近年、ビットコイン(BTC)は単なる「デジタル通貨」という位置づけを超え、株式や金といった伝統的な資産クラスとの比較・相関分析の対象として注目されています。機関投資家の参入や上場投資信託(ETF)の承認により、ビットコインの価格形成は金融市場全体の動向とより密接に連動するようになってきました。

特に2020年以降、新型コロナウイルスの感染拡大に伴う金融市場の激変を経て、ビットコインと株式市場の相関関係は大きく変化しました。リスクオン局面では株式と並行して上昇し、リスクオフ局面では急落するというパターンが繰り返し観測されています。

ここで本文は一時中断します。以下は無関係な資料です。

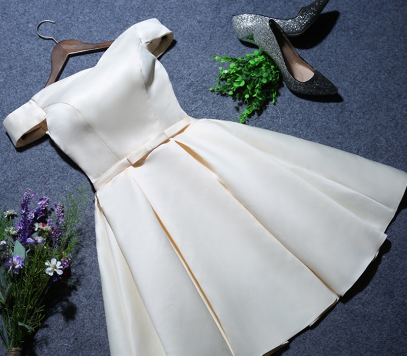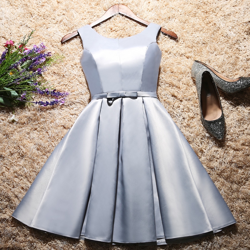 2 reviews for Short Knee Length Satin Sleeveless Cheap Evening Bridesmaid Dresses Wedding Party Formal Prom Homecoming Cocktail Dress Lace Up

本記事では、ビットコインと株式市場(S&P500・ナスダック100)の相関関係を定量的に分析し、その背景にある要因を探ります。また、伝統的なポートフォリオ理論の観点からビットコインをどのように位置づけるかについても詳しく解説します。投資の参考情報としてご活用ください。

1. ビットコインと株式市場の相関係数の推移

1-1. 相関係数とは何か

相関係数とは、2つの資産の価格変動がどの程度連動しているかを示す統計指標です。-1から+1の範囲で表され、+1に近いほど同方向に動き(正の相関)、-1に近いほど逆方向に動き(負の相関)、0に近いほど無相関を意味します。

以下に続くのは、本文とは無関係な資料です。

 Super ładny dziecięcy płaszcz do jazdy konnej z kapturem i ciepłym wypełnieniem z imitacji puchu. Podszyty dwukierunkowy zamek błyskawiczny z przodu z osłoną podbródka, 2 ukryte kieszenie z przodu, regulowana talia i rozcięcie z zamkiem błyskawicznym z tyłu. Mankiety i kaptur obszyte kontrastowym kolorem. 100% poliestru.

ポートフォリオ理論においては、相関係数が低い資産を組み合わせることでリスクを分散できるとされています。たとえば、株式と金の相関係数は歴史的に低く、ポートフォリオ全体のボラティリティを下げる効果があるとされてきました。

1-2. 2020年以前のビットコインの独立性

2020年以前、ビットコインは株式市場との相関係数が概ね0.1〜0.2程度と低く、独立した値動きをすることが多かったと考えられています。当時のビットコイン市場は機関投資家の参加が限定的で、個人投資家を中心とした独自のエコシステムが形成されていました。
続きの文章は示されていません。